‘Vietnam’ 7: Demonstrators to the front
While unfit to comment on the wild student riots that dominate much of Episode 7, I think their importance is overplayed — hugely visual, of course, but overplayed.
By Charles A. Krohn
Best Defense war TV critic
While unfit to comment on the wild student riots that dominate much of episode 7, I think their importance is overplayed — hugely visual, of course, but overplayed. Maybe they inspired recent campus and city uprisings, but I’m not even sure of that.
The episode starts with Senator Max Cleland’s recollection that President Johnson warned his staff that, “I don’t want no more damn Dien Bien Phus.” The earlier Tet episodes suggest what he got was worse. I later worked for Cleland when he was the chairman of the American Battle Monuments Commission, a position later held by retired General Merrill McPeak, appointed by President Barack Obama.
I gather from watching this episode that LBJ worried excessively that any surprises from Vietnam might upset his political agenda, especially since candidate Nixon was charging the administration with strategic incompetence. Indeed, there were wide-spread domestic upheavals manifest in Chicago during the 1968 Democratic convention. There were also confrontations in Congress and on the campuses, but they were not universal nor long-lived.

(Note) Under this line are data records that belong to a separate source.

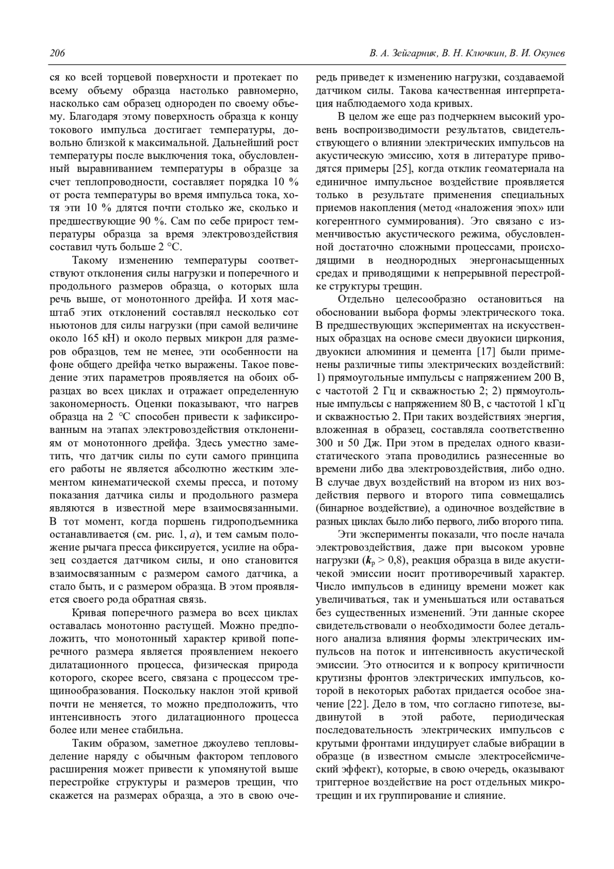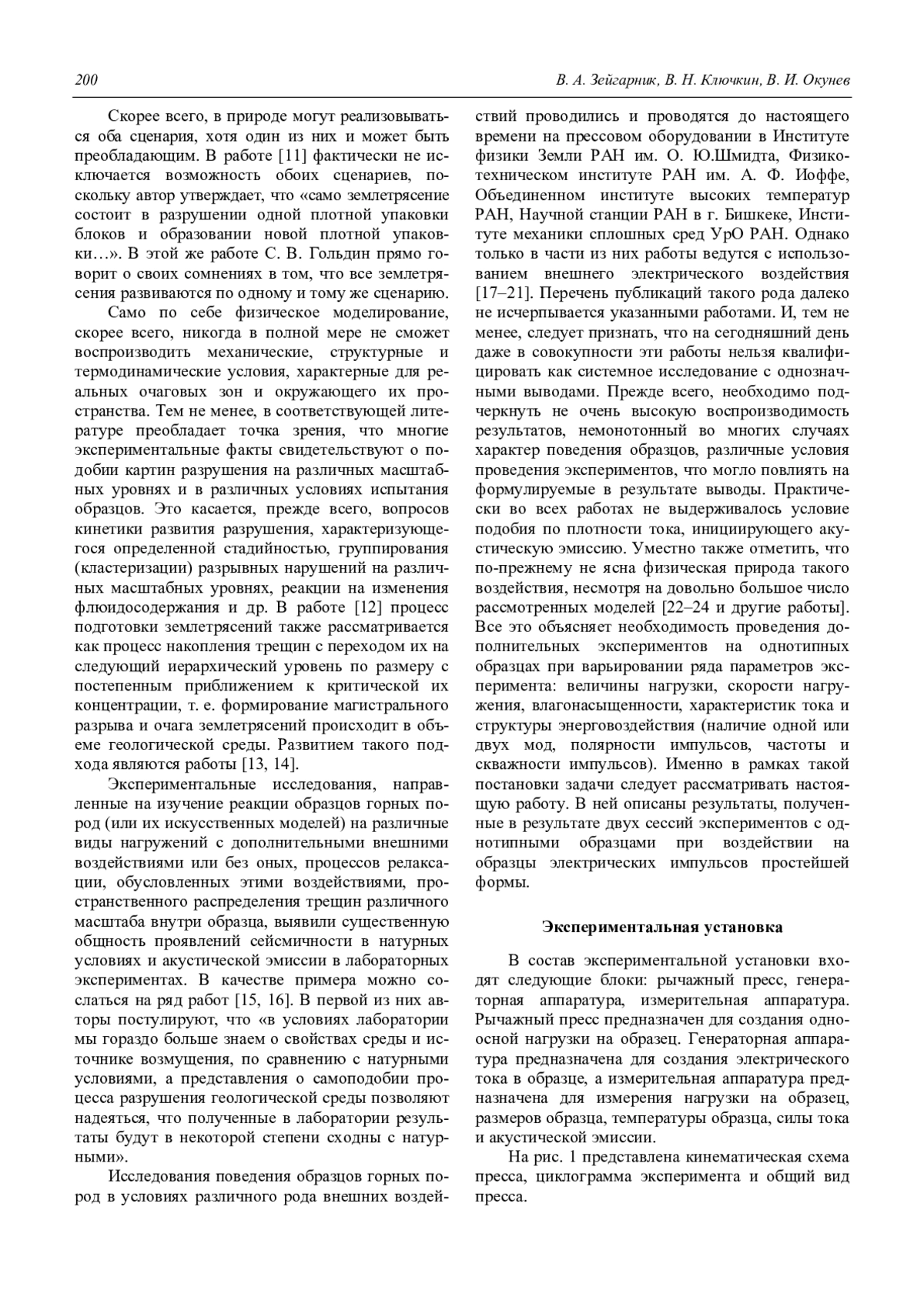В статье представлены результаты исследования поведения образцов и динамики трещинообразования в образцах искусственного песчаника при воздействии на них импульсов электрического тока в условиях одноосного сжатия. Постановка таких экспериментов попрежнему актуальна в плане решения вопроса о возможности активного воздействия на сейсмический режим или даже разрядки тектонических напряжений. Эксперименты проводились на рычажном прессе, позволяющем реализовать режим квазистатического состояния. В большинстве случаев было отмечено влияние электрического воздействия на поток и интенсивность акустической эмиссии как собственно на этапе электровоздействия, так и непосредственно за ним (эффект последействия). На этапе электровоздействия заметно меняется ход кривых таких измеряемых параметров, как усилие нагрузки, поперечный и продольный размеры, температура поверхности образца. Поскольку результаты получены при электровоздействии постоянным током, встает вопрос о правомочности ряда гипотез о механизме такого триггерного эффекта, акцентирующих внимание на важном значении повторяющейся последовательности электрических импульсов с крутыми фронтами.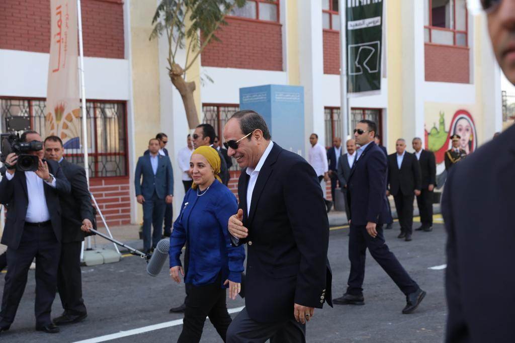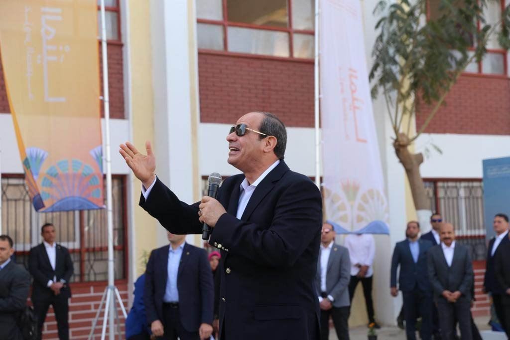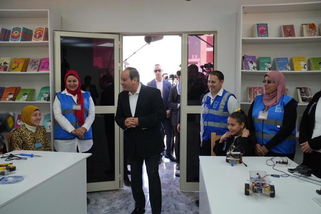 تفقد الرئيس عبدالفتاح السيسى، مكتبة "حياة كريمة"، داخل مركز الشباب بقرية المعصرة، بمركز ملوى فى محافظة المنيا.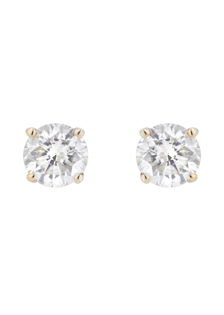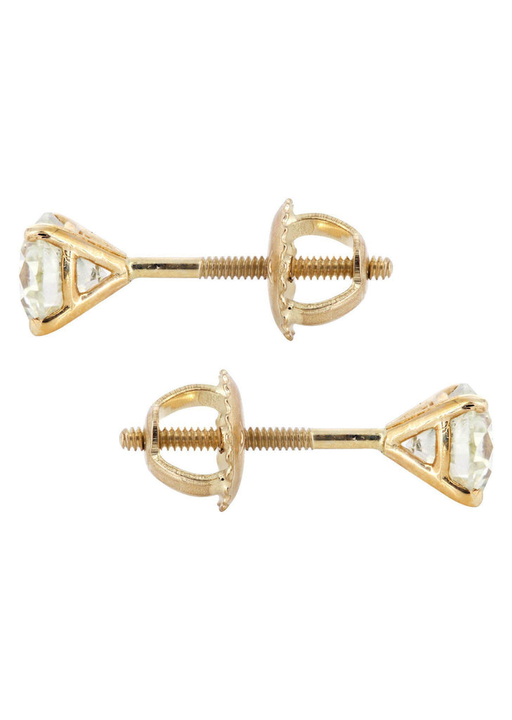 Round  Diamond Stud Earrings In 14K Yellow Gold , 1.6 Carats. The Width Of The Earrings Are 5 Mm And The Length Is 6 Mm.
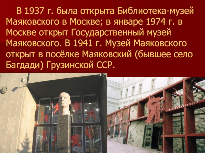 Слайд 22 В 1937 г. была открыта Библиотека-музей Маяковского в Москве; в январе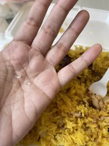 I bought fried rice from this establishment for lunch and when I took a bite I had bitten on something hard. I took the food out of my mouth and noticed tiny shards of glass in the food. I had already taken and swallowed a couple of bites of my food before noticing this.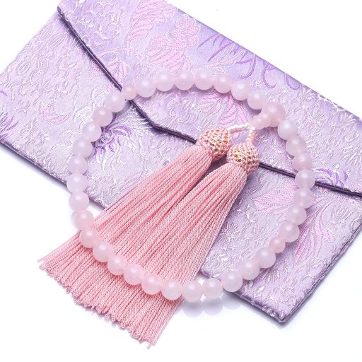 【落ち着いたピンク】色はピンクですが、落ち着いたピンクです。渋い数珠を嫌がる10代20代などの若い方に特におススメしますが、愛らしくエレガントな数珠をお望みの年配の方にももちろん最適です。

Demonstrators demanded that the war stop. What most desired, in my opinion, was not to be drafted and deployed. Frankly, how many students gave a rat’s tail what happened to the Vietnamese people? Are many Americans moved today with the future of the masses in Afghanistan or other countries in the region? Not strangely, once the draft ended so did most of the demonstrations. The Vietnamese dilemma quickly forgotten, suggesting cause-and-effect relationship. Practical, I suppose, but not terribly high minded.
I think the military stuff is more even-handed, although biased toward the Hanoi perspective. When retired Air Force Chief of Staff Merrill McPeak says of Vietnam “we were fighting on the wrong side,” I thought he was close to crossing the line, perhaps even the equivalent of soiling himself. Still, his credentials for making this claim are thin and certainly not evenhanded. He is aptly described as an able fighter pilot, although then a major and somewhat low on the totem pole. He did fly multiple missions as part of Team Misty attacking targets on the Ho Chi Minh Trail. And I endorse his praise of the brave truck drivers he punished and attacked.
“I had an enormous respect for those truck drivers.” But his claim that we were fighting on the wrong side is only supported by his belief that South Vietnam was too corrupt at all levels to merit our respect. While allegations of corruption are a sub-theme of the series, compared to the relatively purity of those from the North, I believe the treatment of corruption is flawed if not twisted.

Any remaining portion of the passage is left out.